Her prescription for my restlessness that night? To put off buying a pack until tomorrow. Brilliant.

Suzanne is getting ready to trade "The Known World" for the unknown world. Watch it happen here. suzanne.danforth@gmail.com.

Quitting: Passing the Couch Moving Test

This week, we shall look at what cold turkey is shaping up to look like. My story will reference dreadlocks, cigarette caresses and how to be a witch, but in a nice way.

You may have noticed in the past few weeks that the tagline has changed from "Trying to Quit" to "Quitting." For all the ups and downs and slips and slides, I have never not once let go of my desire to become a non-smoker. In quits past, attempts were followed by failures and failures were followed by amnesia.

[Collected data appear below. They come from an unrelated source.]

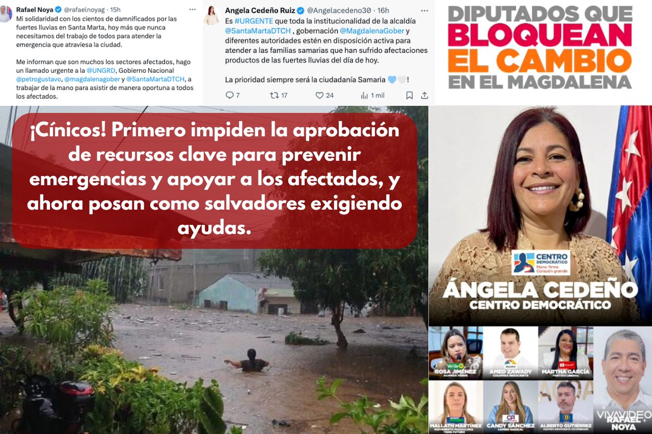En un departamento tan golpeado por la naturaleza como el Magdalena, donde cada temporada de lluvias amenaza con poner en jaque la vida de miles, el manejo político del riesgo no puede ser un asunto de cálculo electoral. Sin embargo, eso es precisamente lo que ha ocurrido en la Asamblea Departamental, donde diputados como Ángela Cedeño y Rafael Noya —entre otros— han hecho gala de una incongruencia que raya en el cinismo: bloquearon recursos esenciales para prevenir emergencias, y ahora, sin sonrojarse, aparecen en redes sociales clamando “ayuda urgente” para las comunidades que ellos mismos dejaron expuestas.
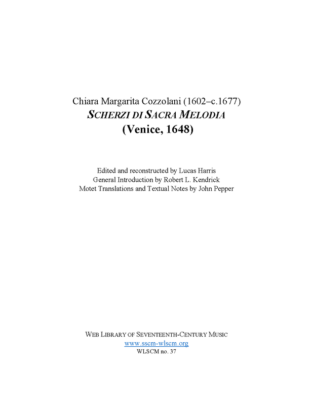 | Genre Categories | Motets; For voice, continuo; For voices with continuo; |
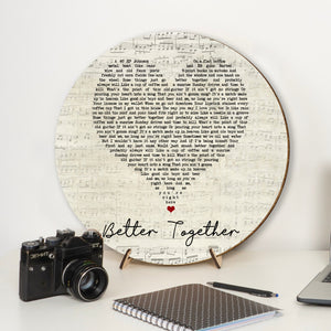 Barry Manilow Can't Smile Without You Script Heart Song Lyric Print Round Wood Sign, Wood Sign For Home

It made for a nice little parade; a bon vivant as marshal, pomping it up in front (Come one! Come all! See me quit!) with a smoky fugue state bringing up the rear (Who me? I said I wanted to quit? Really?).

This time, my grand marshal seems to realize that its rightful place is in the back of the line, eating humble pie and pushing fugue state along every time it holds up the works.

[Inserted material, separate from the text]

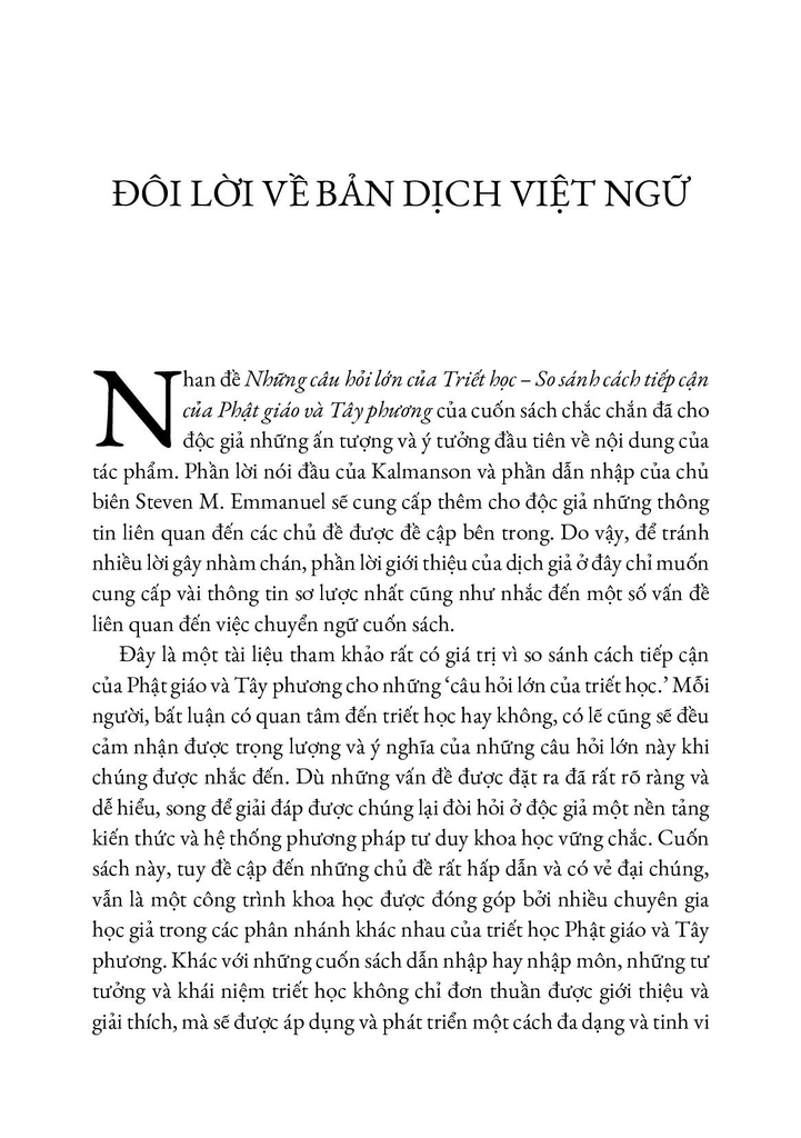 NHỮNG CÂU HỎI LỚN CỦA TRIẾT HỌC - ĐÁP ÁN CHO MỘT CUỘC SỐNG TRỌN VẸN Trong suốt dòng lịch sử của triết học, có những câu hỏi lớn luôn xuất hiện lặp đi lặp lại: Làm thế nào để hạnh phúc và sống một cuộc đời tốt đẹp? Giới hạn của tri thức là gì? Bản chất cuối cùng của thực tại ra sao? Ý thức hình thành thế nào? Quan hệ giữa nhân quả và ý chí tự do, hay những điều kiện nào tạo nên một xã hội công bằng và thịnh vượng? Tất cả đều là những vấn đề xuyên suốt bao thế kỷ, được các nhà tư tưởng ở nhiều nền văn hóa không ngừng tìm lời giải. Trong cuốn sách này, các vấn đề thường sẽ tập trung vào những nhân vật và văn bản quan trọng của truyền thống Phật giáo, qua đó giúp mở rộng và làm phong phú thêm tư duy của chúng ta về các câu hỏi muôn thuở ấy. Cách tiếp cận so sánh và giao thoa văn hóa cho thấy giá trị của những giải pháp thay thế trong triết học, đồng thời hé lộ những câu hỏi và câu trả lời mới mẻ, bất ngờ. Nhìn từ góc độ Phật giáo, ta được nhắc nhở rằng mục tiêu của triết học không chỉ là hiểu thế giới, mà còn là học cách sống trong đó. Bằng những so sánh gợi mở và sinh động giữa tư tưởng Phật giáo và triết học phương Tây, “Những câu hỏi lớn của Triết học” thách thức tư duy của chúng ta ở tầng sâu xa nhất, đồng thời bổ sung thêm những công cụ khái niệm, phương pháp và góc nhìn mới. Tất cả nhằm hướng đến lý tưởng cao cả: mưu cầu một cuộc sống hạnh phúc, tốt đẹp và trọn vẹn hơn. Nguồn: Columbia University Press |
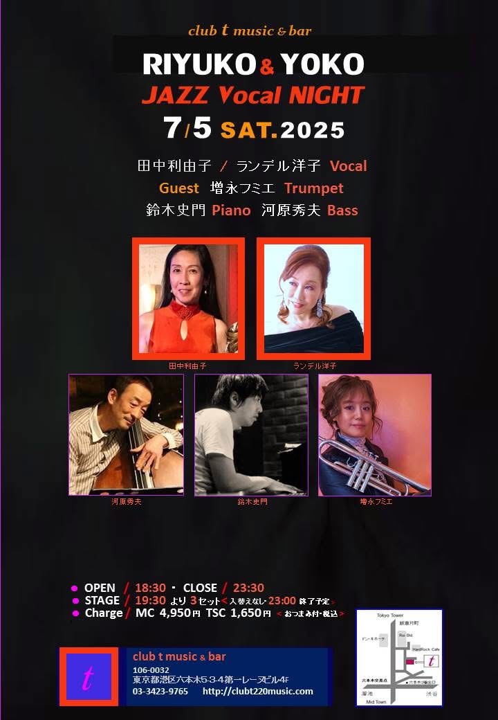 | 7 | 5 | 土 | 六本木 Club t Live & Session pf鈴木史門 b河原秀夫 vo田中利由子ほか 19:30〜3set 東京都六本木5-3-4第一レーヌビル4F 03-3423-9765 http://clubt220music.com |

On day two of cold turkey, I had to move a couch. A big comfy sectional couch designed for a great room, not for the crooked Colonial space in which I actually live. My friend assured me (being male) it would fit and we undertook the project together. We commenced at the U-Haul on the Bypass where, waiting for my turn, the first murderous cold turkey urges occurred.

The completely appropriate and nice gentleman behind the counter had a beautiful head of dreadlocks, the more than 10-year kind, at least. For five awful minutes, I would have traded my soul for a big pair of industrial scissors. I envisioned myself leaping over the counter brandishing them as sword and slashing through each gnarled coil. When it finally came time in the real world for our turn, it was a terrible downturn to discover that I needed to return home to get proof of insurance.

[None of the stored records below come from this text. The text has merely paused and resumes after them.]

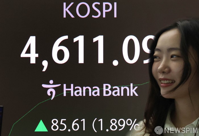 [서울=뉴스핌] 윤채영 기자 = 코스피 지수가 7일 장중 4600선을 돌파하며 역대 최고치를 경신하자 증권가에서는 '5000선 돌파'가 예상보다 빠르게 현실화할 수 있다는 전망이 나온다. 주요 증권사들도 잇달아 올해 코스피 전망 밴드 상향 조정에 나섰다.
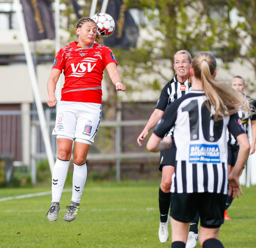 Ásdís með langan bolta á fjær en engin mætt þar.
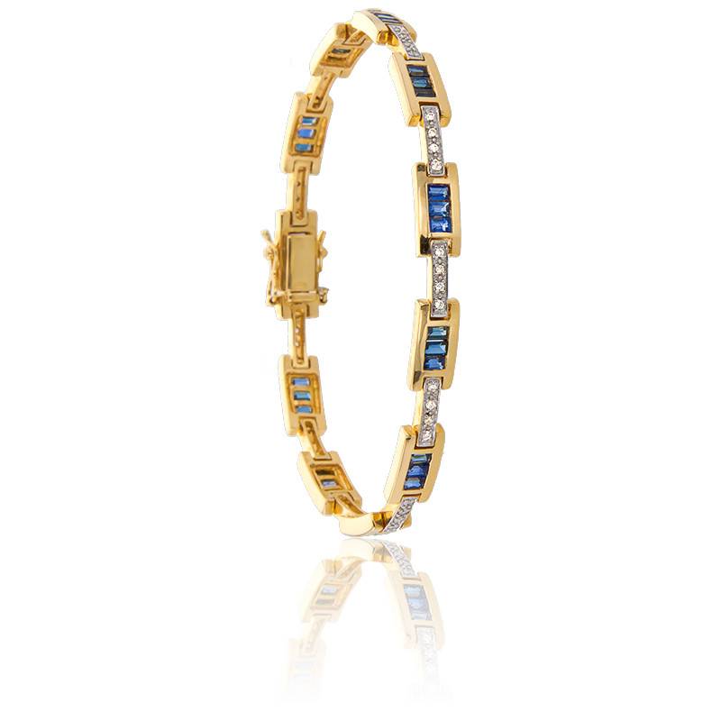 Elégant bracelet en or jaune 750/1000 (18K) composé de saphirs sertis rails et de diamants sertis à grains de façon alternée. Les diamants ont un poids total de 0,26 carat, une couleur H et une pureté SI1. Le bracelet a une longueur de 18,50 cm.
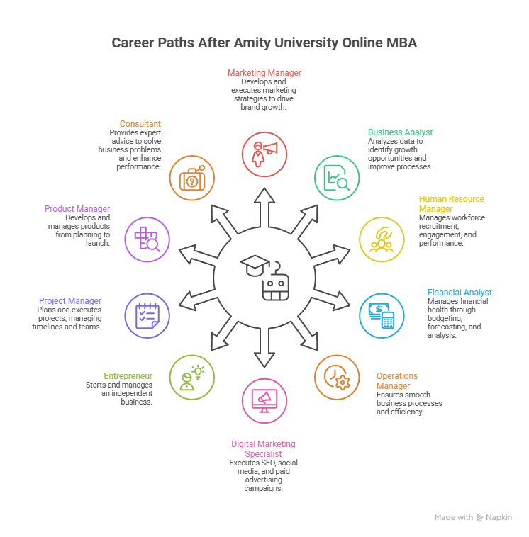 However, one of the most common questions students have is: What are the career opportunities after Amity University Online MBA?
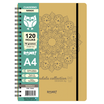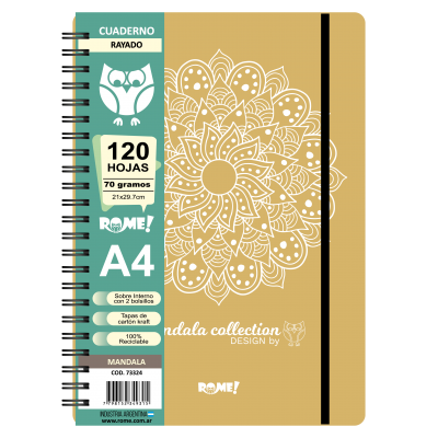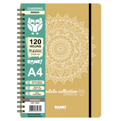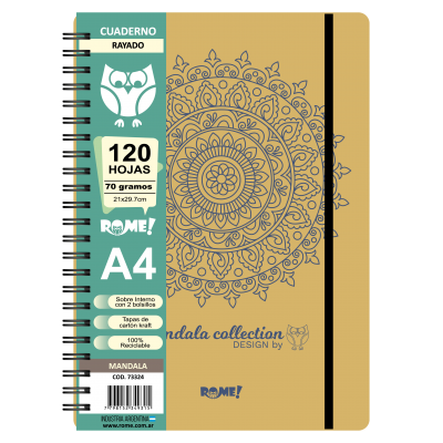 Cuaderno A4 Mandala con elástico x120 hojas rayadas Rome
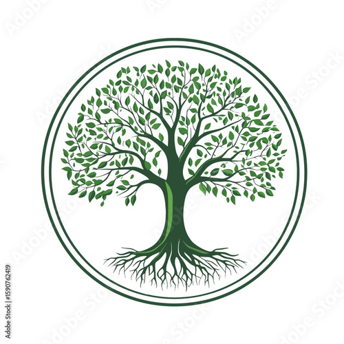 tree and roots logo templates with circular shape, oak tree with the gap between the tree and the root to fill in the writing
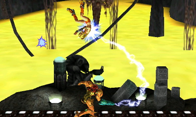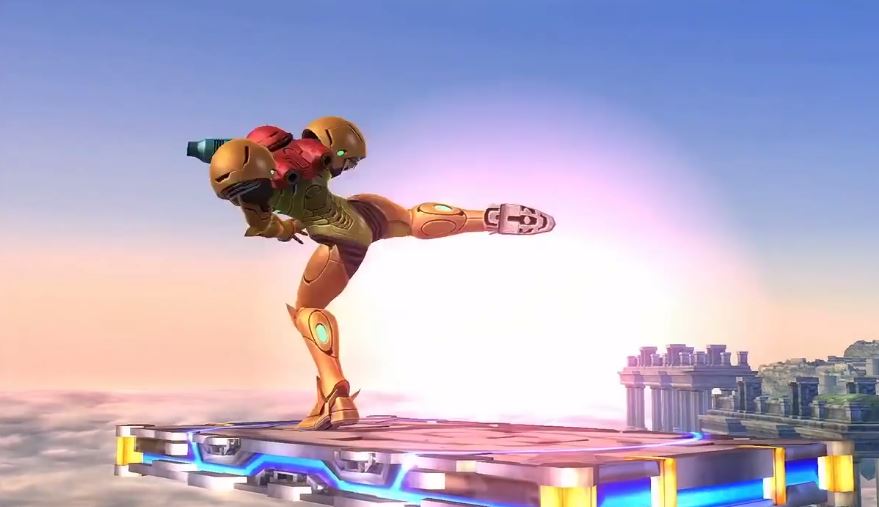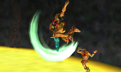 Tap the Control Stick left or right while pressing the Special Attack Button to shoot a more powerful, straight-flying Super Missile. Use the Grapple Beam to grab opponents on the ground or damage opponents from a distance in the air. It also tethers ledges. Her Side Smash has a longer hitbox thanks to the brief blast fired at the end of her Arm Cannon.
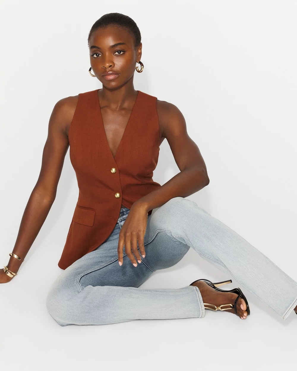 This timeless vest is designed with gold buttons and faux pockets. The longer length is super flattering. Wear it with the matching New Blake Mariner Boot Pant for head-to-toe chic.
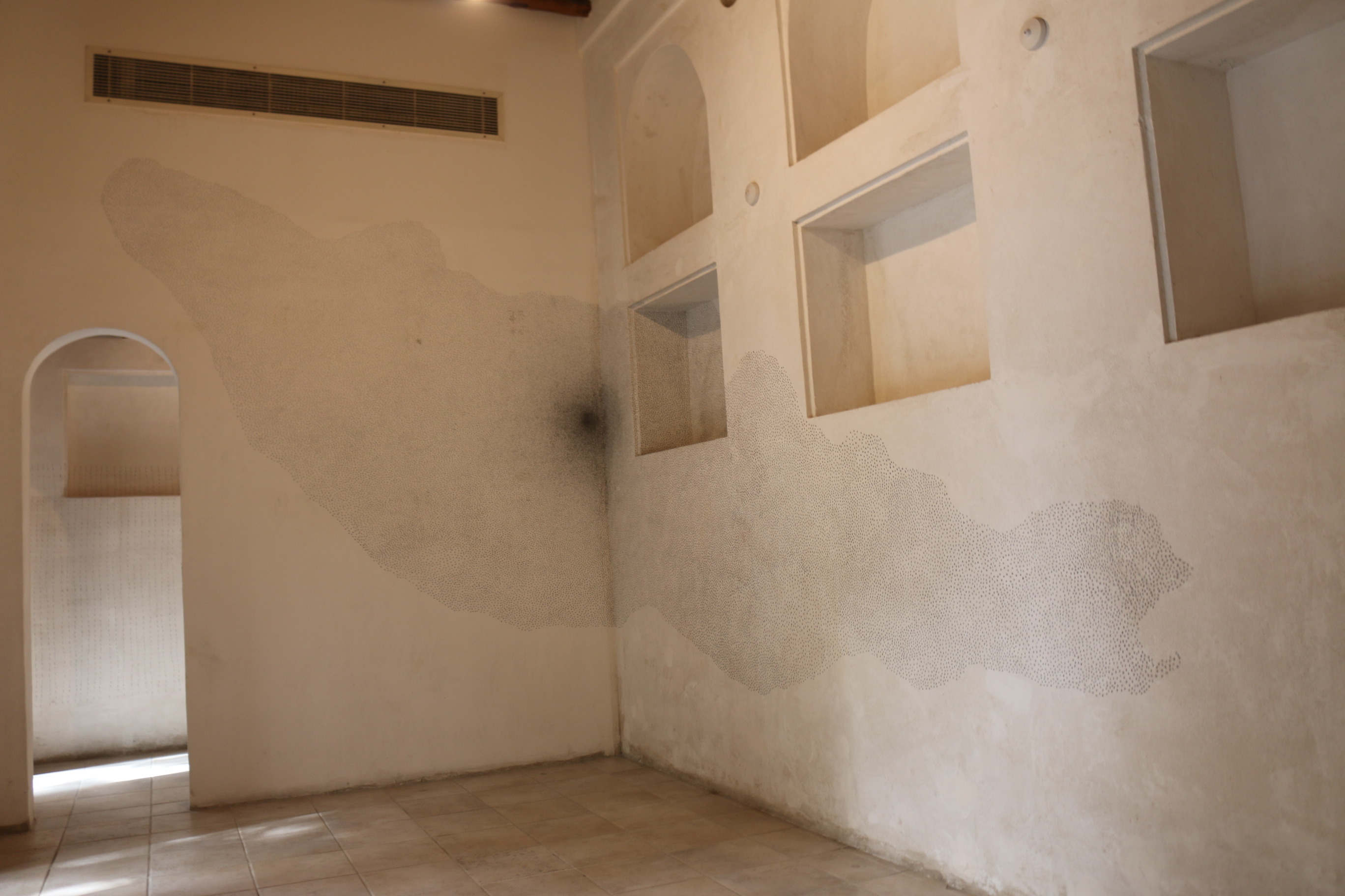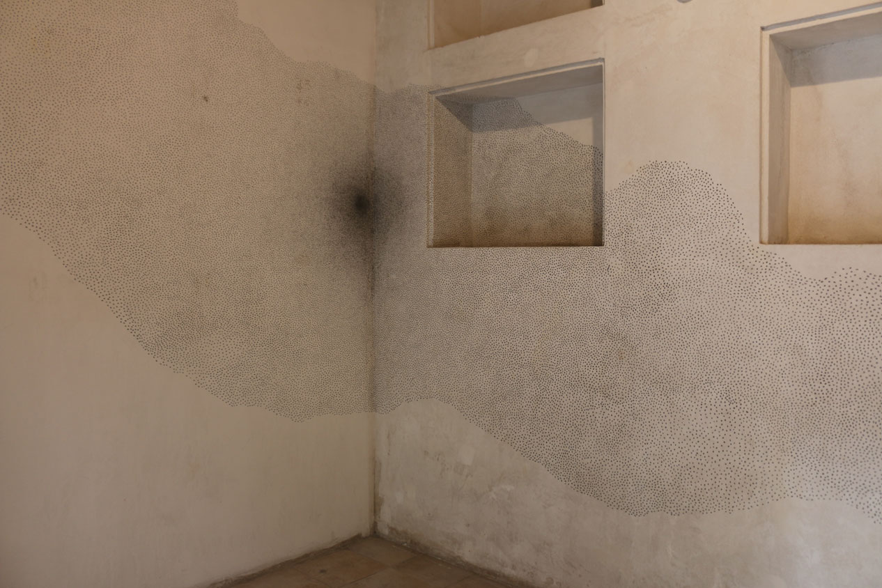 Sunoj’s drawing almost takes over the whole studio. His rhythmic composition of grain-like and linear marks invites the viewer to engage with the peculiar dynamics of his studio, which is divided by a wall and has a wind-tower. While lines representing dirhams and dollars in two opposite corners appear more orderly, the circular shapes that refer to rupees organically-spread throughout the center of the studio. The artist avoids perfection in his gesture of marking the walls. Contrary to its ephemeral nature, zero to the right also addresses notions of memory and authenticity in the space without overshadowing the history of the residency house itself.

The short drive afforded my frontal lobes the opportunity to talk to the rest of my brain, and I returned to U-Haul to confess my situation to the gentleman. He understood, he used to smoke himself, and quit after seeing evidence of the scam perpetrated on the populous by big tobacco. I was still antsy waiting for the rental truck process to play out, with lots of overflow movement in my limbs (dance anyone?) but my inner witch was at least demonstrating a modicum of sociability.

That lasted until we got the couch into my front hall, where it sat on the floor and refused to budge. You can't stay here, I admonished it. It curled its couch lip petulantly back at me and remained silent. Thankfully, my friend, joined now by my neighbor, knew how to take charge of the situation (taking charge in this case involved implements such as screwdrivers and brute force) and the couch finally made it into the living room.

Throughout, I didn't smoke. I can't say I have been 100 percent abstinent since Oct. 18, but I can say I have not smoked more cigarettes than I can count on one hand. In talking to people who have succeeded, it seems cold turkey can look different for different people. There is the lady at my coffee shop for whom cold turkey was just that. Done. Finis. "If you are smoking one a day, you don't need any at all," says coffee shop wisdom.

There is my friend Marge, who looks at life with years of accumulated experience, and who was my mother's longtime partner in jazz and smoking crime. She kept a pack in her freezer for a long time, and would take one out each night and hold it for a while before taking just one drag. There is my friend Andy, who quit after he got a cold and didn't smoke for one whole day because his body didn't want to. Then he didn't smoke for two whole days, and so on until that turned into 10 smoke-free years.

Finally, I seem to have spoken to a lot of men who quit on a bet (oh, lovely competitive natures...;.). So, bottom line is, I'm doing OK. Yes, none is best. None remains the goal. But for today, less is better than giving up my goal completely.